## Instructions to follow
Using the listing below, print the line containing "当你申请信用卡、网上购物、在", the line containing "大會(huì)在莊嚴(yán", and each line between them, exactly and nothing else. Pictures stay out of the print.

Segment Open

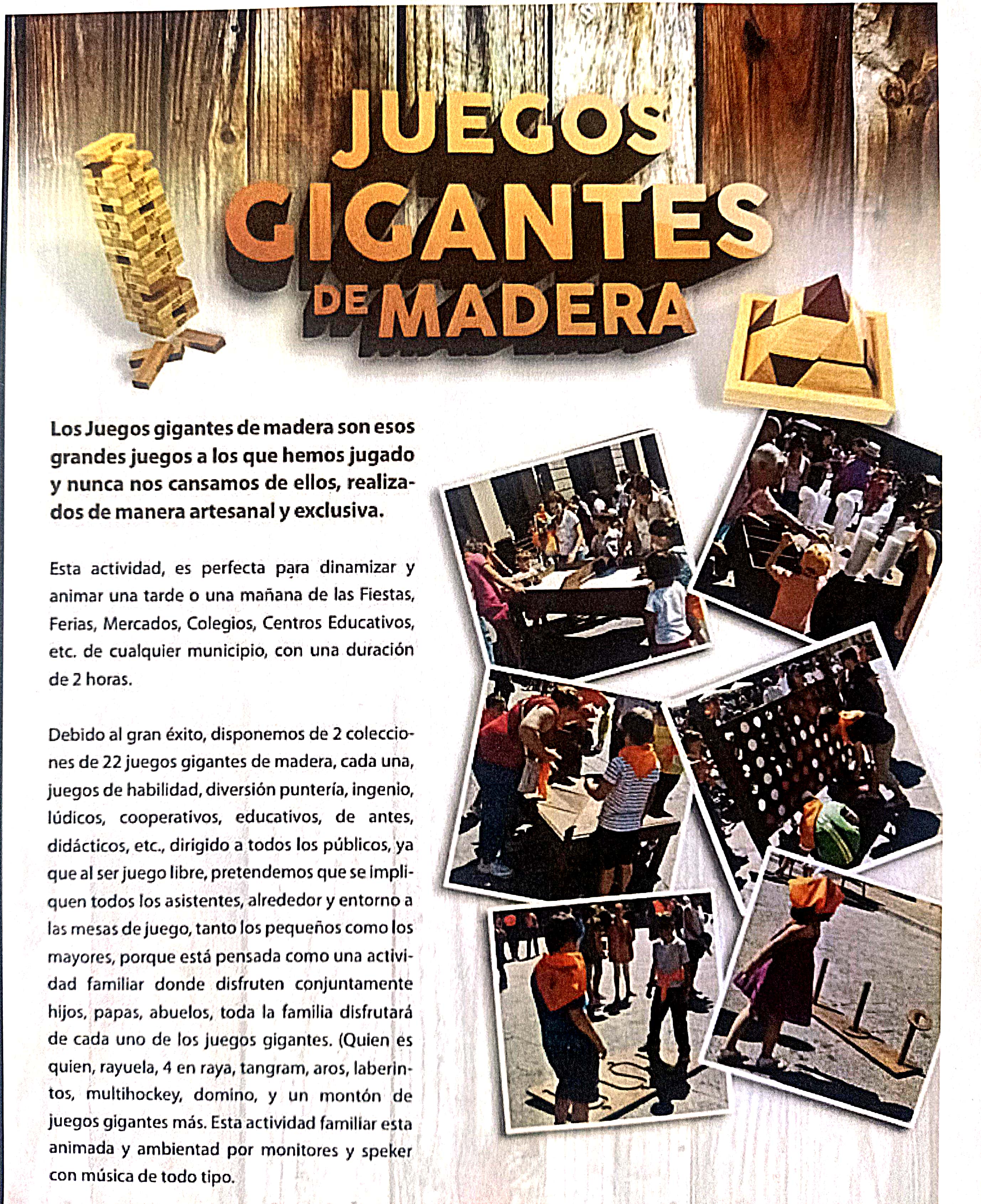 Adjuntamos carta de presentación, cartel de la feria y de la actividad que se llevará a cabo junto con diversos y variados talleres artesanales de Juegos Gigantes de Madera.
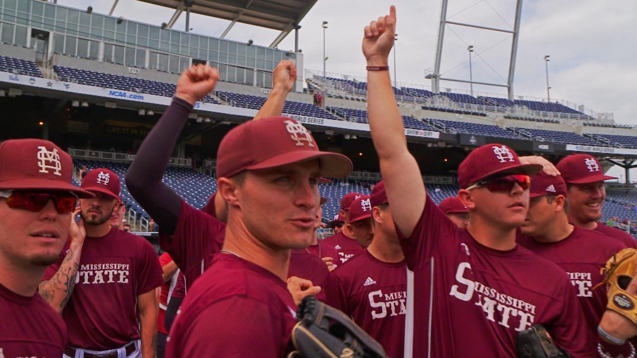 OMAHA, Neb. — Mississippi State baseball's 2019 season was defined by come-from-behind wins. MSU's improbable four-run ninth inning rally in its 2019 College World Series opener against Auburn was its 28th come-from-behind win of the year.
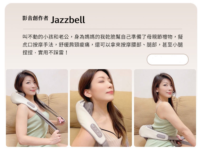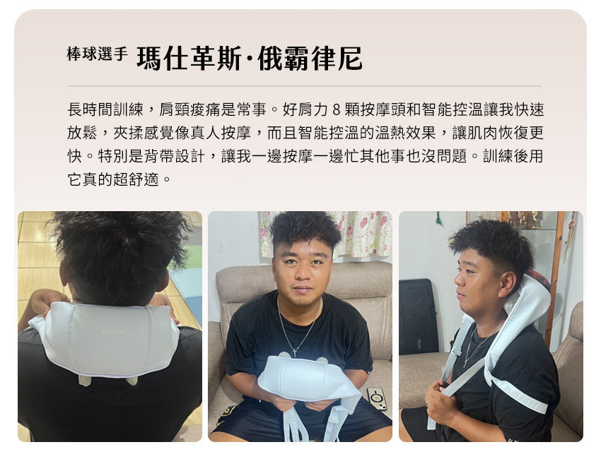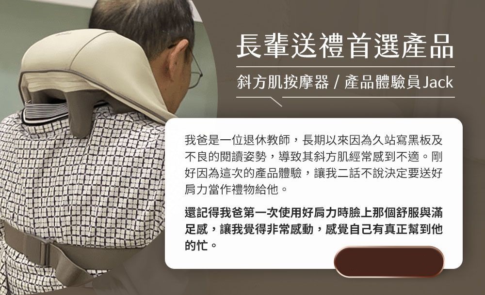肩膀按摩舒適度,除了按摩的力道、抓的距離、角度還要按摩頭的大小材質都會有影響。 最新款的「好肩力」優化了傳統肩膀按摩的老舊設計,最新研發出最適合亞洲人的按摩參數。
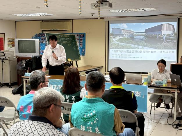 安南區全民運動館基地位於安南區國安段1720地號,總樓地板面積約3,324.57平方公尺,設施包含體適能中心、籃球全場1面、羽球場4面、多功能及韻律教室、商業空間等。新營區全民運動館位於民治段373至376地號,樓地板面積約4,271.86平方公尺,設有體適能中心、綜合球場(籃球1面、羽球4面共用)、另規劃2面羽球場、多功能及韻律教室、商業空間等。
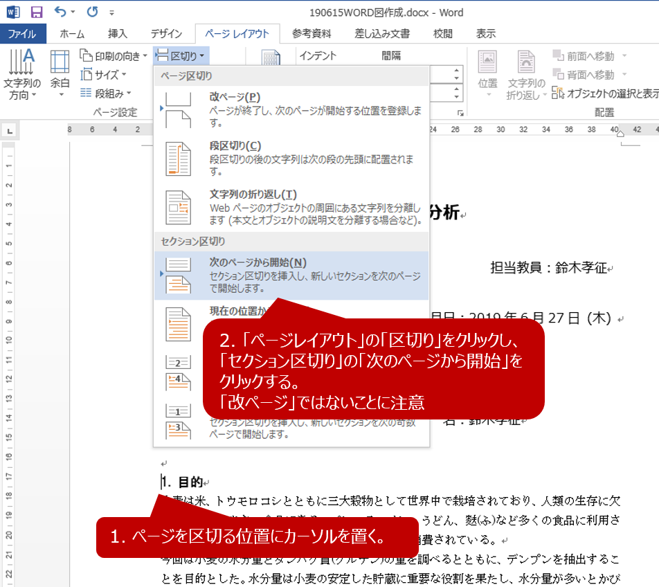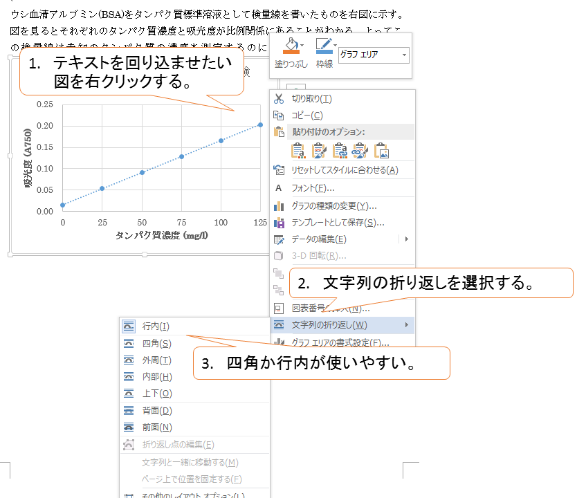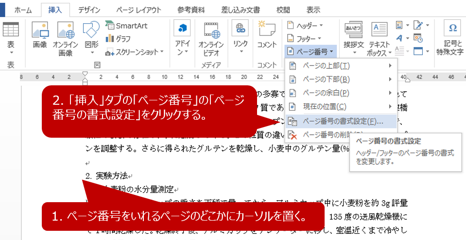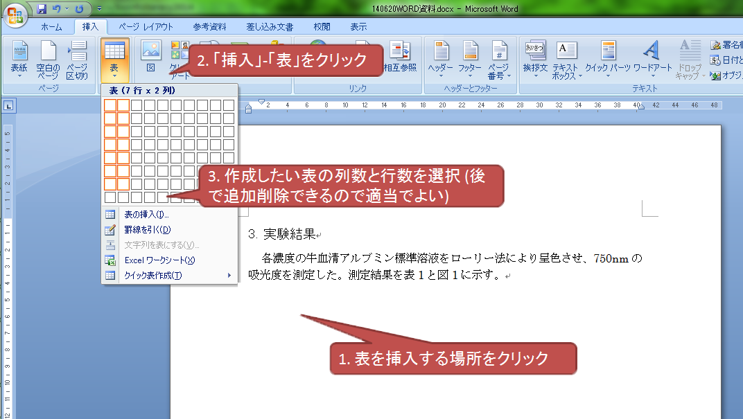 レポートは食品化学基礎実験を除くいずれの実験のものでもよい。 4年生は現在行っている卒業研究のものでもよい。 この課題はWORDの機能を使って見た目のよい文書を作成できるかどうかをみるもののため、レポートの内容(実験の目的をよく理解しているかや適当な考察ができているか)は基本的に課題として評価の対象とはしません。
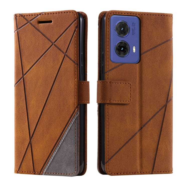 Funda de Cuero con Textura de Piel Sintética para Motorola Moto G85 (Marrón)
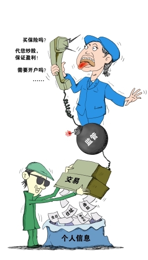 当你申请信用卡、网上购物、在金融机构办理各项业务时,一双眼睛正在窥视着你的个人信息。这不是谍战片里的画面,而是每天都会上演的现实。近年来众多买卖公民个人信息事件浮出水面,打着各种名目推销理财产品的骚扰行为也越来越严重地影响着投资者的生活。投资者在受尽各种骚扰之后无奈地发现,由于监管存在空白,各部门之间相互踢皮球,他们遭遇的是投诉无门的尴尬处境。而如果上升到司法手段,等待他们的是繁琐的程序和得不偿失的诉讼费用。万般纠结之后,大部分投资者只能吃哑巴亏,最终选择不了了之。
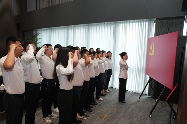 大會(huì)在莊嚴(yán)的國歌聲中拉開序幕,新發(fā)展黨員面向黨旗鄭重宣誓,許下為共產(chǎn)主義事業(yè)奮斗終身的堅(jiān)定承諾。
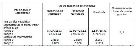 La hipótesis nula es que no hay más que r relaciones cointegrantes contra la alternativa de que hay más de r relaciones cointegrantes. El modelo se estimó con las siguientes variantes: a) tendencia irrestricta, b) tendencia restringida, y c) tendencia constante.
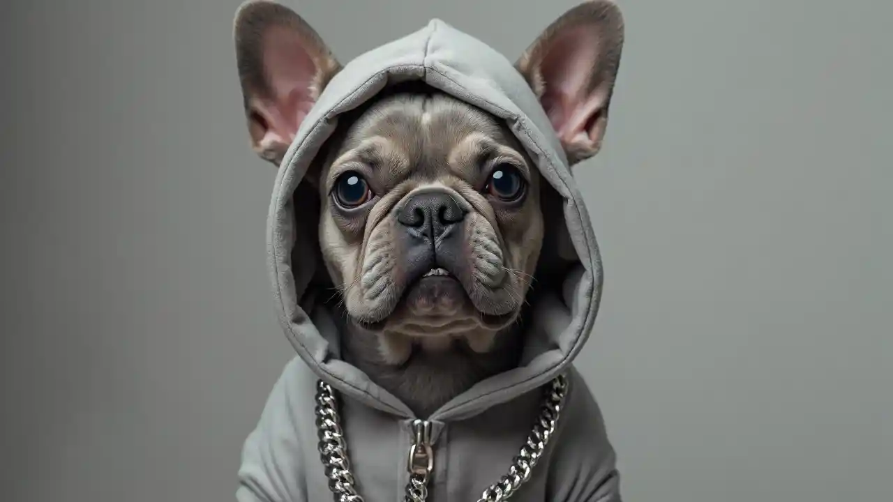 Bulldog ya Kifaransa ya fedha, hoodie, minyororo

Segment Closed

## Written solution
 当你申请信用卡、网上购物、在金融机构办理各项业务时,一双眼睛正在窥视着你的个人信息。这不是谍战片里的画面,而是每天都会上演的现实。近年来众多买卖公民个人信息事件浮出水面,打着各种名目推销理财产品的骚扰行为也越来越严重地影响着投资者的生活。投资者在受尽各种骚扰之后无奈地发现,由于监管存在空白,各部门之间相互踢皮球,他们遭遇的是投诉无门的尴尬处境。而如果上升到司法手段,等待他们的是繁琐的程序和得不偿失的诉讼费用。万般纠结之后,大部分投资者只能吃哑巴亏,最终选择不了了之。
 大會(huì)在莊嚴(yán)的國歌聲中拉開序幕,新發(fā)展黨員面向黨旗鄭重宣誓,許下為共產(chǎn)主義事業(yè)奮斗終身的堅(jiān)定承諾。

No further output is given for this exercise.